O Brasil foi o primeiro país no mundo a incluir a vacina da dengue no sistema público (SUS). No entanto, o número de doses é limitado, com uma previsão de 6,5 milhões para este ano. Com isso, a pasta, junto ao Conselho Nacional de Secretários de Saúde (Conass) e o Conselho Nacional de Secretarias Municipais (Conasems), precisou escolher um grupo pequeno de indivíduos elegíveis.

A partir de uma série de critérios que indicam a urgência de proteger a população contra a doença, ficou definido que, neste ano, as vacinas disponíveis contemplarão crianças e adolescentes de 10 a 14 anos de um número também reduzido de cidades. Nesse primeiro momento, são 521 municípios, de 16 Estados e o Distrito Federal.

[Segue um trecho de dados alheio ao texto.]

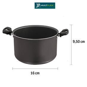 Toda em alumínio, ele possui revestimento antiaderente na cor grafite, permitindo que você faça alimentos muito mais saudáveis, já que não precisa utilizar óleo. Além disso, ela tem as alças e pegadores em baquelite garantindo muito mais segurança e facilidade no manuseio, já que não esquentam. E ela ainda tem capacidade para 2 litros, ideal para toda a família. Sua tampa em alumínio e com saídas de vapor proporcionam um cozimento mais rápido e uniforme. Desfrute da praticidade e eficiência desta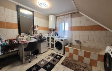 Tetőtér:Tágas fürdőszoba sminkasztallal és káddal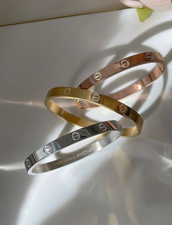 بنگل یا دستبند النگویی استیل طرح کارتیه سه رنگ مردانه و زنانه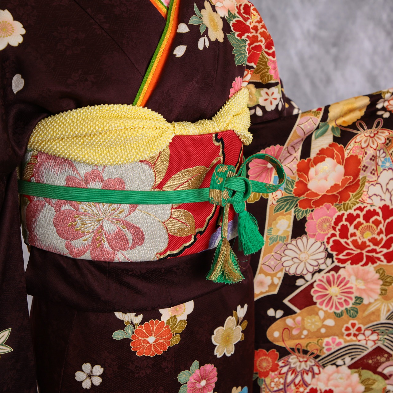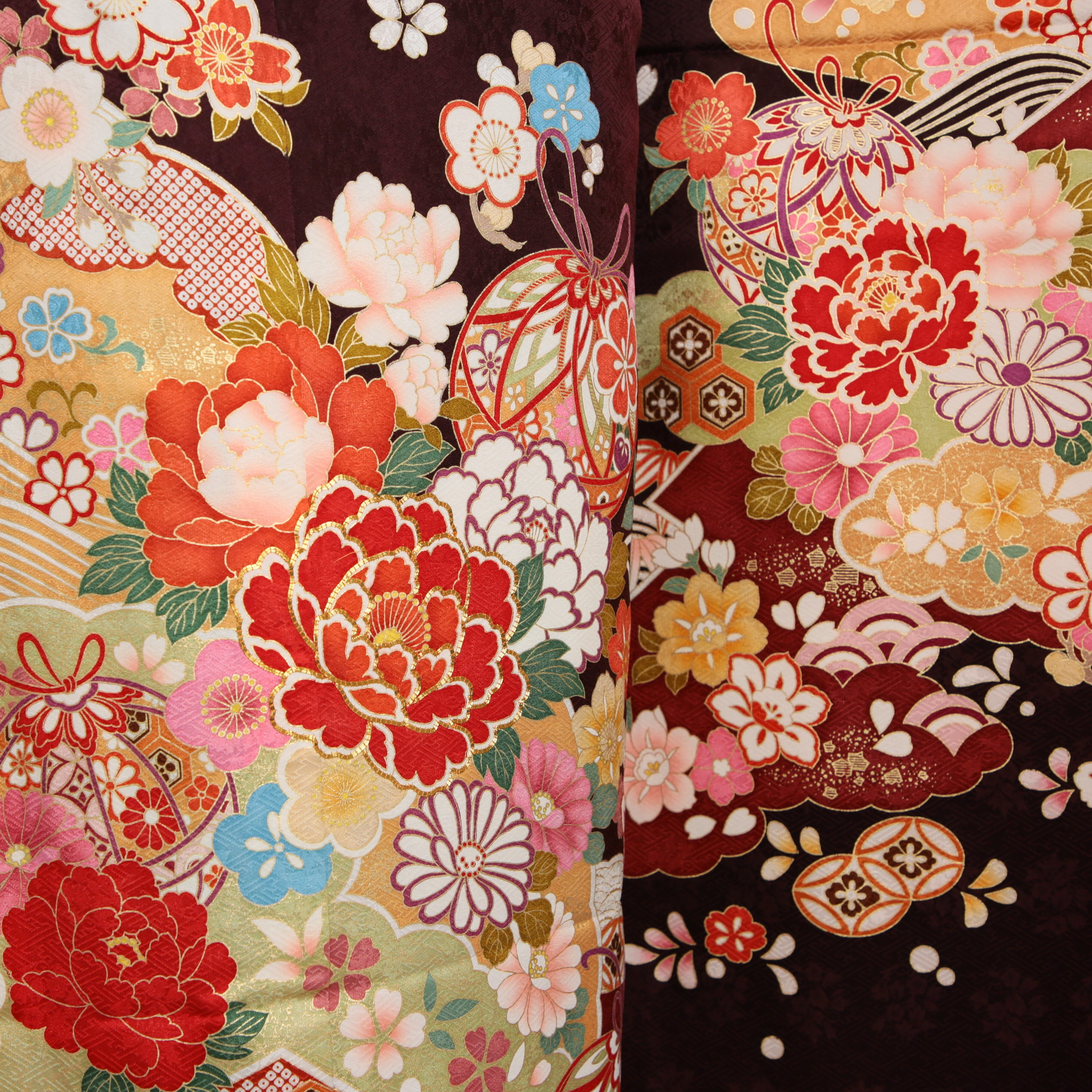 茶色地に熨斗や鞠が印象的な新古典振袖です。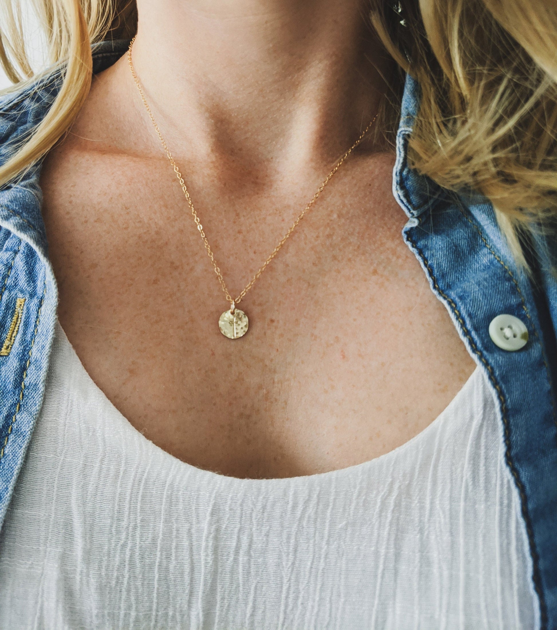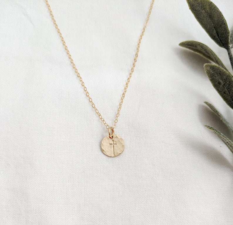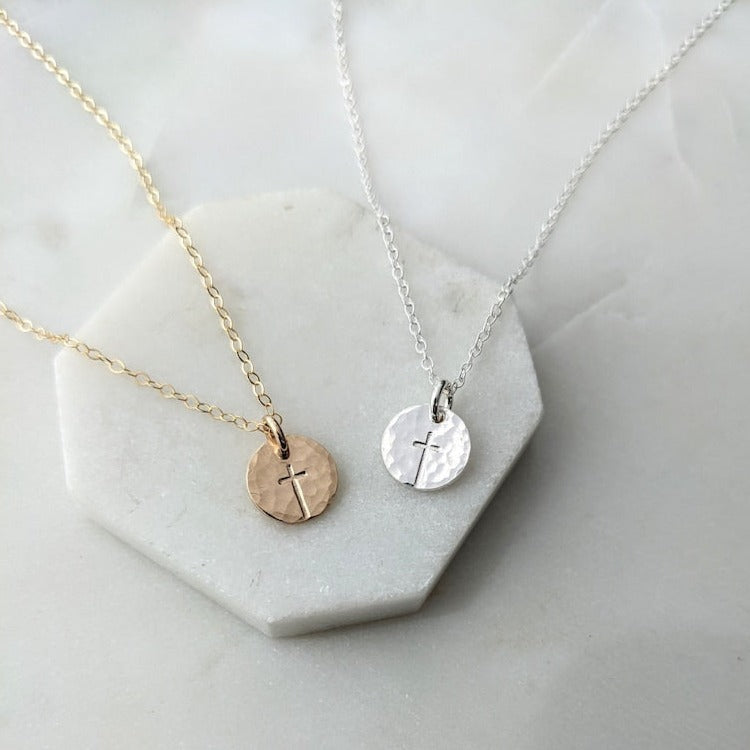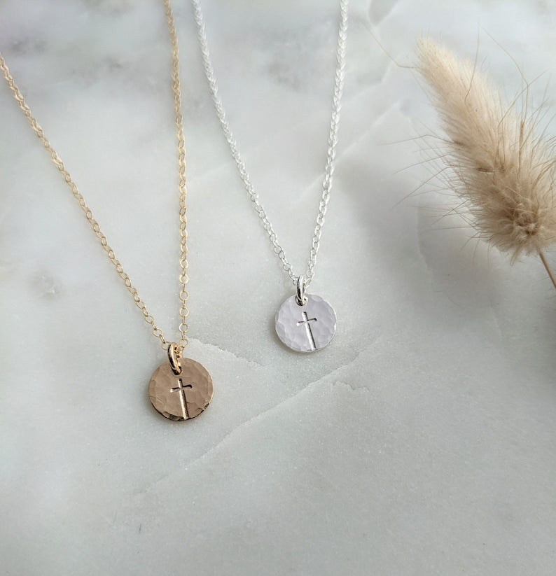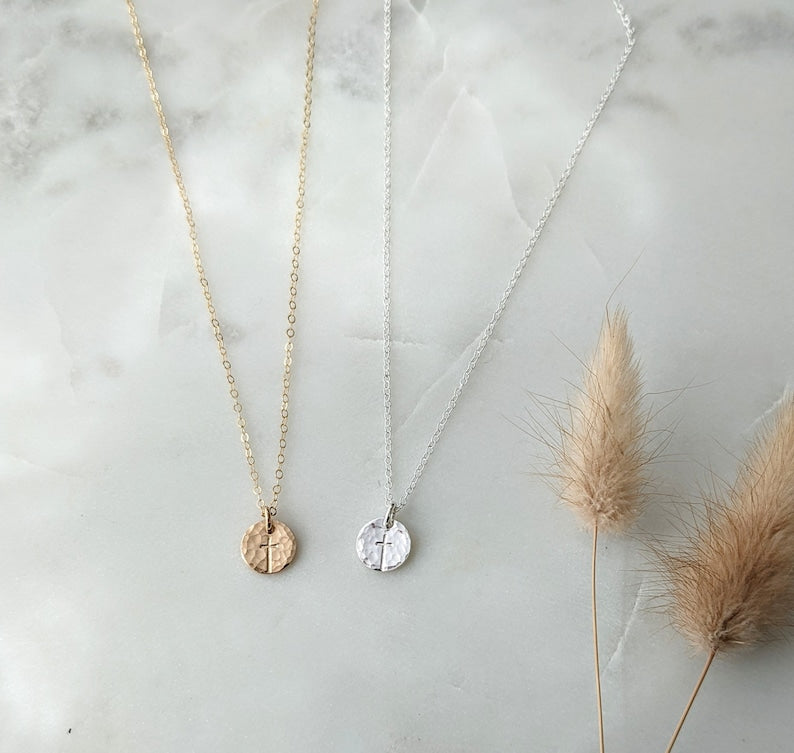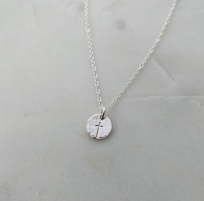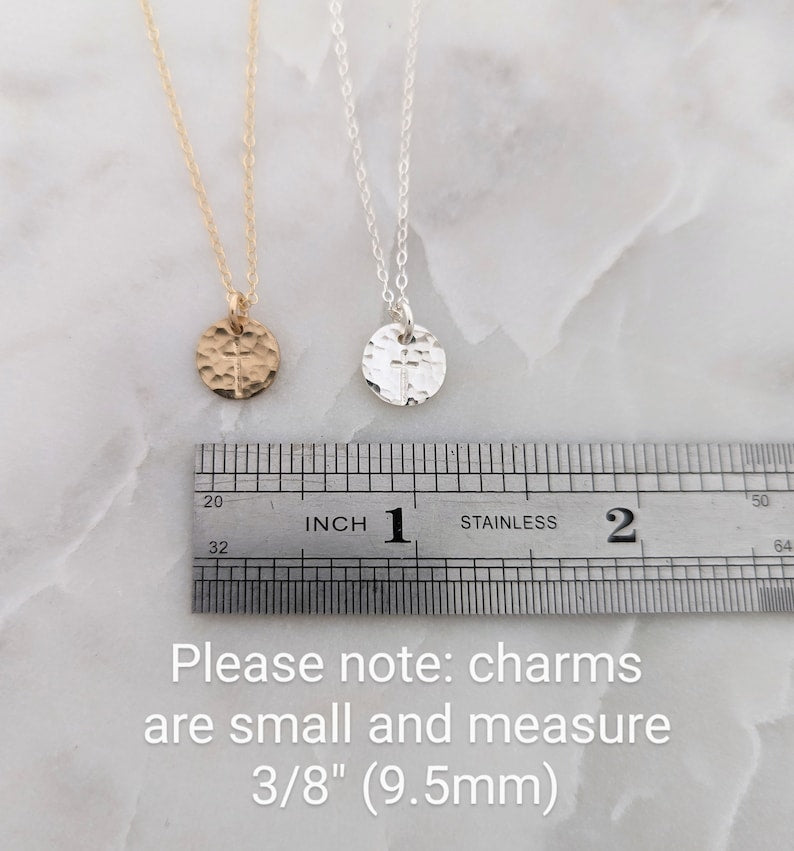 Tiny, minimalist, everyday cross necklace. Cross charm measures 3/8 inch and has been hammered for texture (can be left smooth upon request). All components of this necklace are made of solid sterling silver.

Secretário de Saúde do Rio, Daniel Soranz, aplica dose da vacina da dengue em criança  Foto: Ricardo Moraes/Reuters

As doses chegam em remessas, em diferentes momentos do ano. A recomendação da pasta é que as primeiras remessas, que começaram a ser distribuídas em 8 de fevereiro, sejam destinadas a vacinar crianças de 10 a 11 anos. Conforme mais lotes são liberados, a pasta pretende ampliar e vacinar os demais adolescentes de 12 a 14.

Para ter ideia, no Distrito Federal, primeira unidade federativa a iniciar a vacinação – e que apresenta a pior incidência da dengue no País –, a cobertura vacinal é “baixa”, segundo a secretaria de saúde. Cerca de 32% das crianças de 10 a 11 anos, o público indicado pelo ministério, recebeu a primeira dose.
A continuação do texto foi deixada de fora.